If we look at the Union Jack, we have to appreciate that there are only about 14 or 15 absolutely free democratic nations on earth. Australia is fortunate to be one of those. In the United Nations scale of ranking of freedoms, if you can devise such a process, Australia is the third freest nation on earth. There are a couple ahead of us, but we have a freedom that I believe is inherited by the parliamentary system that we have and the freedom of the courts from interference by the political process. So the right of a person to go before a court as an innocent individual is a very significant feature of Australian society.

In many courts of the world, people are confronted by an adversarial court system where they go before the court guilty and must prove themselves innocent. Our system is quite different to that, and it is a valuable freedom that we have. I believe that those two features of parliamentary democracy and the freedom of the courts stem from our British inheritance.

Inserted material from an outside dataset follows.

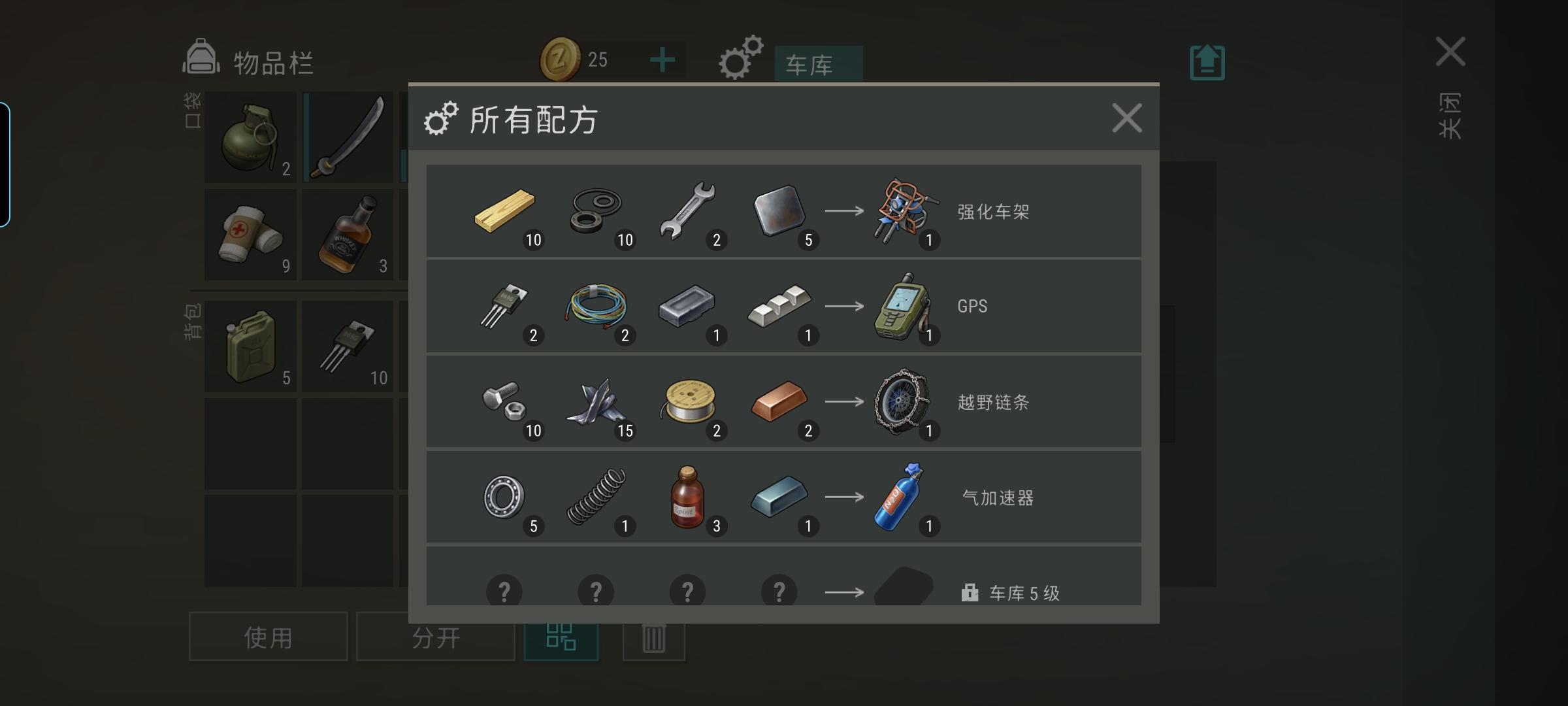 一、自家车库合成的GPS,在新图使用后图中问号会显示颜色,绿色是药品,黄色食物,紫色工具。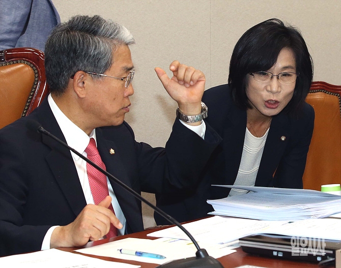 13일 오전, 서울 여의도 국회 산업통상자원위원회 회의실에서 열린 국정감사 도중 김동철 새정치민주연합 의원과 김제남 정의당 의원이 이야기를 나누고 있다.

In addition, the flag carries the symbol of the Southern Cross, claimed by republicans to be the symbol of republicanism. But I reject that concept. The miners at Eureka were typical Aussies. They told the government to get out of the way and get off their backs. The Australian people told the opposition some years ago that they did not want a GST. I think the fervent nature of Australians in their disregard for authority and government is an endearing character that we inherited and it is something that we should be proud of. No government in Australia will get too big for its boots while we have Australians with an attitude of dismissiveness towards authority and those people who want to preen or to promote authority.

It is my view that the inheritance of the Southern Cross is that of a typical Australian symbol, one that says that we are not overawed by authority. It is a matter where people look to an egalitarian society where there is equality of opportunity and where people seek the best by their own attributes and attitudes.

Finally, the third symbol of the Australian flag is the federal or Commonwealth star which symbolises the states and territories of this nation. The symbolism of one star representing the whole nation is in fact a symbol of unity and the need for this nation to work together as a people if they wish to have achievements.

So, in the symbolism of our flag, if you are thinking of symbolism for the future of this nation, we would have to say that we need and must cling to those inherited values of freedom, the parliamentary process and the significance of our court system, because they very much underpin our very society. The individuality of Australians is a very important characteristic, as is the capacity for us as a nation not to be overawed by government or those in authority but to be able to stand up for our own rights as individuals and as is the need for us as a nation to be able to work together if we want to achieve things.

I think the symbolism of the flag has stood us in good stead in the past and it would be very difficult to replace it with another flag of similar significance. So it is with a great deal of pleasure that I support the Flags Amendment Bill 1996. I know that the bill will go through this parliament. I hope it will become an act of this parliament. I hope that future generations will value the contribution of members of this House as much as we can value the contributions of those who have gone before who have pointed out to us the way in which we need to revere and adhere to the principles and symbolisms that our flag stands for, because our flag does represent our nation.